Simpson's 1/3rd Rule MATLAB Program Examples

Question


Evaluate the integral x^4 within limits -3 to 3 using Simpson's 1/3 rd rule.

Solution


Let y(x)=x^4

here a=-3 and b=3

therefore (b-a)=6

let ‘n’ be the number of intervals. assume n=6 in this case.

also h=(b-a)/n = 6/6 =1

x: -3  -2  -1  0  1  2  3

y: 81  16  1  0  1  16  81

According to Simpson's 1/3rd  rule:

answer= (h/3)*[(y1+y7)+2*(y3+y5)+4*(y2+y4+y6)]

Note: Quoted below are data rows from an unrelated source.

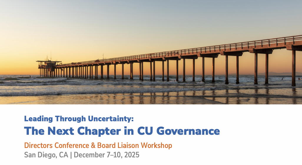 MADISON, Wis.–CUES will host its Directors Conference and Board Liaison Workshop titled “Leading Through Uncertainty: The Next Chapter in CU Governance” from Dec. 7-10 in San Diego.
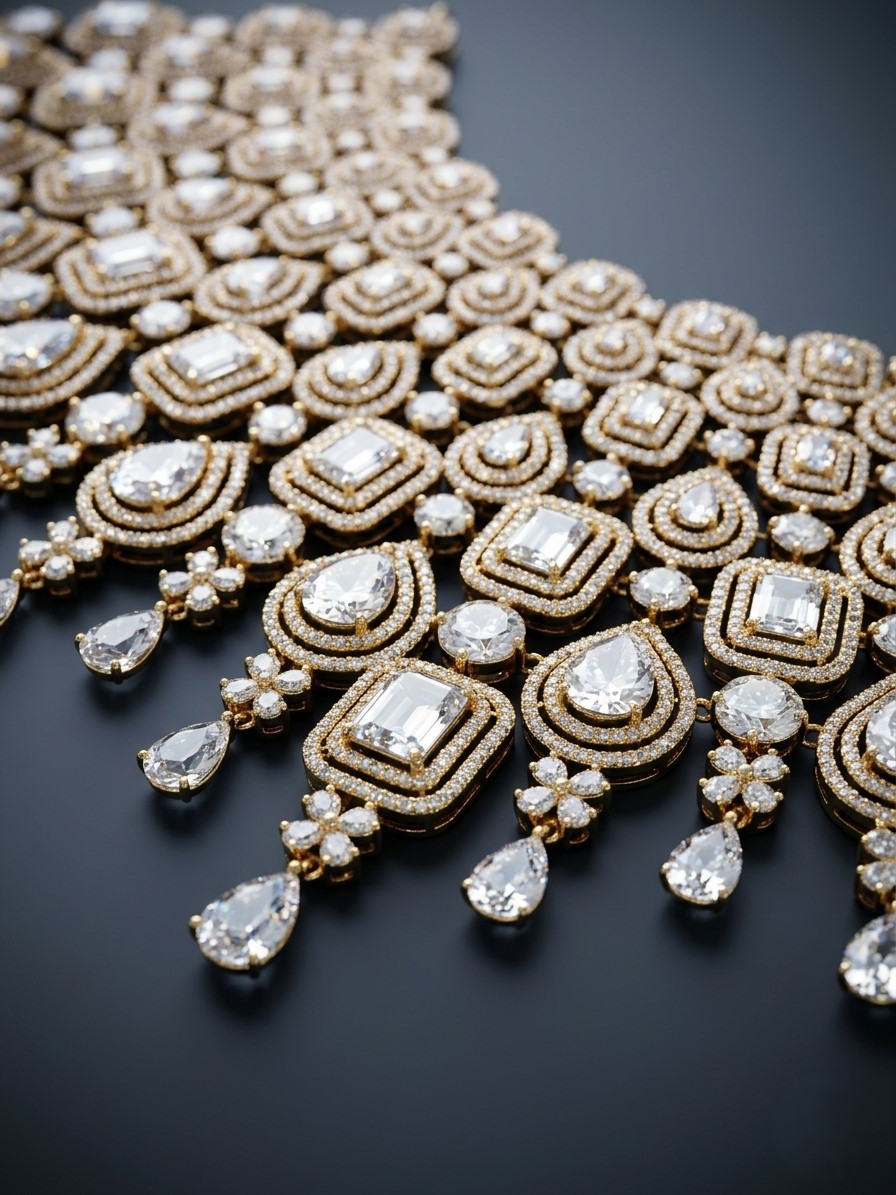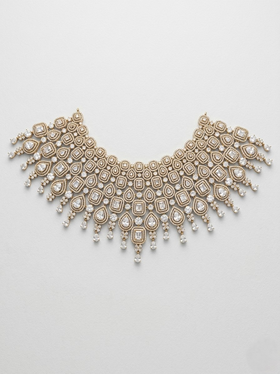 This statement choker features a gold-tone finish with an elaborate lattice of geometric and teardrop motifs, fully adorned with sparkling American diamonds. The design is enhanced with layered patterns and delicate dangling drops that add fluid movement and brilliance. The symmetrical arrangement and fine craftsmanship create a luxurious and eye-catching appeal.
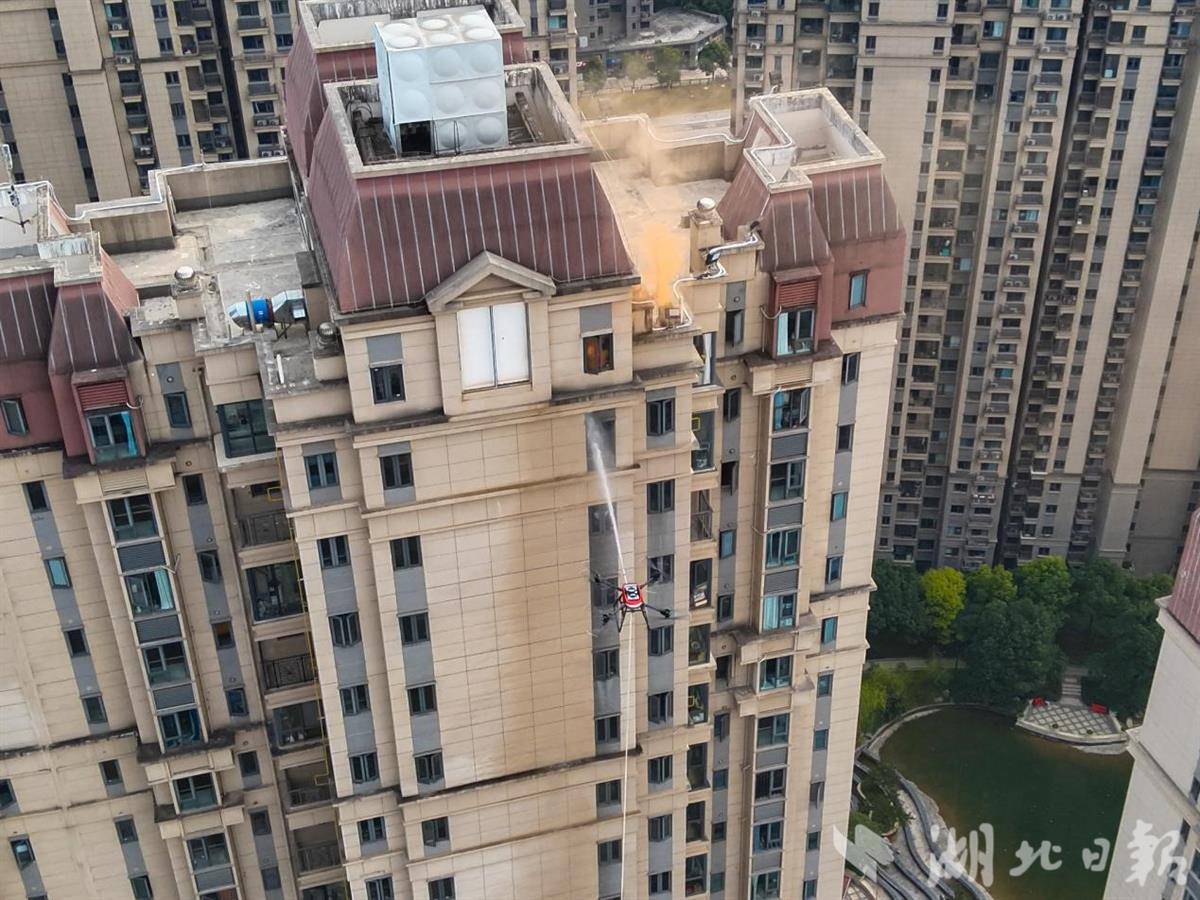 宜昌市消防救援人员在高层住宅建筑灭火演练中,使用无人机从建筑外部协同开展百米高空灭火 杨凌骁/摄

answer=(1/2)*[(81+81)+2*(1+1)+4*(16+0+16)]

answer=98.

MATLAB Program For Simpson's 1/3rd Rule


%Created by myclassbook.org (Mayuresh)
%Created on 24 May 2013
%Question: Evaluate the integral X^4 within limits 3 to -3

clc;
clear all;
close all;

f=@(x)x^4; %Change here for different function
a=-3;b=3; %Given limits
n=b-a; %Number of intervals
h=(b-a)/n;
p=0;

for i=a:b
p=p+1;
x(p)=i;
y(p)=i^4; %Change here for different function
end

l=length(x);
x
y
answer=(h/3)*((y(1)+y(l))+2*(y(3)+y(5))+4*(y(2)+y(4)+y(6)))

Image Format








[caption id="" align="aligncenter" width="490"]MATLAB code for Simpson's one third rule MATLAB code for Simpson's one-third rule[/caption]





Second Example


Evaluate the integral 1/(1+x) within limits 0 to 6 using Simpson's 1/3 rd rule.

Solution


Let y(x)=1/(1+x)

here a=0 and b=6

therefore (b-a)=6

let ‘n’ be the number of intervals. assume n=6 in this case.

also h=(b-a)/n = 6/6 =1

x: 0                  1                    2              3                  4               5               6

y: 1.0000   0.5000   0.3333   0.2500   0.2000   0.1667   0.1429

According to Simpson's 1/3 rd rule.

answer= (h/3)*[(y1+y7)+2*(y3+y5)+4*(y2+y4+y6)]

answer=1.9587.

MATLAB Code for Simpson's 1/3rd Rule


%Created by myclassbook.org (Mayuresh)
%Created on 24 May 2013
%Question: Evaluate the integral 1/(1+x) within limits 0 to 6

clc;
clear all;
close all;

f=@(x)1/(1+x); %Change here for different function
a=0;b=6; %Given limits
n=b-a; %Number of intervals
h=(b-a)/n;
p=0;

for i=a:b
p=p+1;
x(p)=i;
y(p)=1/(1+i); %Change here for different function
end

l=length(x);
x
y
answer=(h/3)*((y(1)+y(l))+2*(y(3)+y(5))+4*(y(2)+y(4)+y(6)))

Image Format








[caption id="" align="aligncenter" width="490"]MATLAB code for Simpson's one third rule MATLAB code for Simpson's one-third rule[/caption]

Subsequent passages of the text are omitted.